In the data that follows, find the line with "今回の調査ではここ3年であお"; transcribe it, every later line up to the one with "Un tabouret de", and that line as well, exactly and with no others.

» **EXCERPTED RECORDS**
>>>>

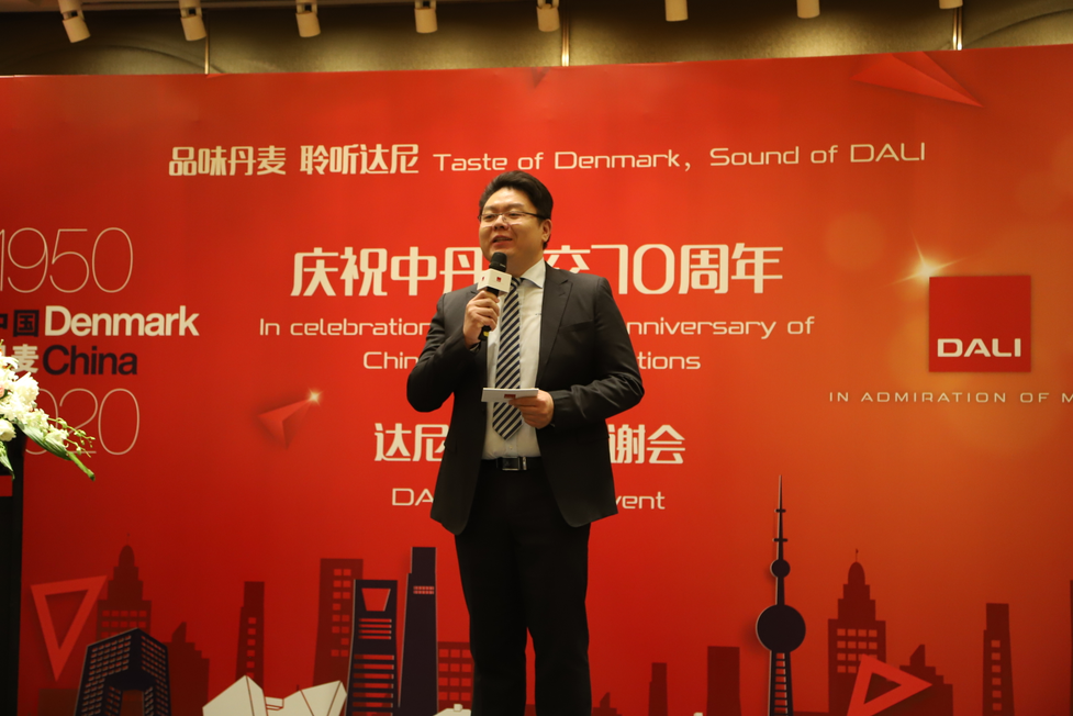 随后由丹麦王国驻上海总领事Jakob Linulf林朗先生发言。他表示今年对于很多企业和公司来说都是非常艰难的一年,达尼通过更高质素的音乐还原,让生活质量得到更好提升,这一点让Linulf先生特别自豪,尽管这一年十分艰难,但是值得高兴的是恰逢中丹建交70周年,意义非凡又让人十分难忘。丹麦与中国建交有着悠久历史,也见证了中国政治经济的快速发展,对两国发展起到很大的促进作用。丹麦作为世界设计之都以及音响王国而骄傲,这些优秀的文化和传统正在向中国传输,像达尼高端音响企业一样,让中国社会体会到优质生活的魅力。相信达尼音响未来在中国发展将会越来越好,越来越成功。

<<<<
>>>>

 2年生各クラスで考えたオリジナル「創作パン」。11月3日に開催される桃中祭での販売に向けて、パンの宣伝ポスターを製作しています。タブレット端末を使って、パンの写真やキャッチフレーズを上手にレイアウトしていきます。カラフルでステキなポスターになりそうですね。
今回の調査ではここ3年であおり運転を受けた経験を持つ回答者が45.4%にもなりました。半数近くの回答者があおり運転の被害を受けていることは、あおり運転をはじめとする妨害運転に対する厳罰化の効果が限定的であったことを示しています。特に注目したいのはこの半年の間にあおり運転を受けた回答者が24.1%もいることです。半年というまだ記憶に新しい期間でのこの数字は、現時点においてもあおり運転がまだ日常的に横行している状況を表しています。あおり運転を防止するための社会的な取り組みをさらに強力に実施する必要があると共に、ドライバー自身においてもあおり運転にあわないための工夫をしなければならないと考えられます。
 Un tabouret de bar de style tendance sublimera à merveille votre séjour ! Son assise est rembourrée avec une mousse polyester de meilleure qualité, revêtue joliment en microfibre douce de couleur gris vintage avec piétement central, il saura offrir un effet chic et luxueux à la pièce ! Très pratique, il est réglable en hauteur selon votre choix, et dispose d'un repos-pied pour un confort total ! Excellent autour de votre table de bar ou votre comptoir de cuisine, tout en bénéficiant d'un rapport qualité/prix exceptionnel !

<<<<

» **COMPLETED TASK**
今回の調査ではここ3年であおり運転を受けた経験を持つ回答者が45.4%にもなりました。半数近くの回答者があおり運転の被害を受けていることは、あおり運転をはじめとする妨害運転に対する厳罰化の効果が限定的であったことを示しています。特に注目したいのはこの半年の間にあおり運転を受けた回答者が24.1%もいることです。半年というまだ記憶に新しい期間でのこの数字は、現時点においてもあおり運転がまだ日常的に横行している状況を表しています。あおり運転を防止するための社会的な取り組みをさらに強力に実施する必要があると共に、ドライバー自身においてもあおり運転にあわないための工夫をしなければならないと考えられます。
 Un tabouret de bar de style tendance sublimera à merveille votre séjour ! Son assise est rembourrée avec une mousse polyester de meilleure qualité, revêtue joliment en microfibre douce de couleur gris vintage avec piétement central, il saura offrir un effet chic et luxueux à la pièce ! Très pratique, il est réglable en hauteur selon votre choix, et dispose d'un repos-pied pour un confort total ! Excellent autour de votre table de bar ou votre comptoir de cuisine, tout en bénéficiant d'un rapport qualité/prix exceptionnel !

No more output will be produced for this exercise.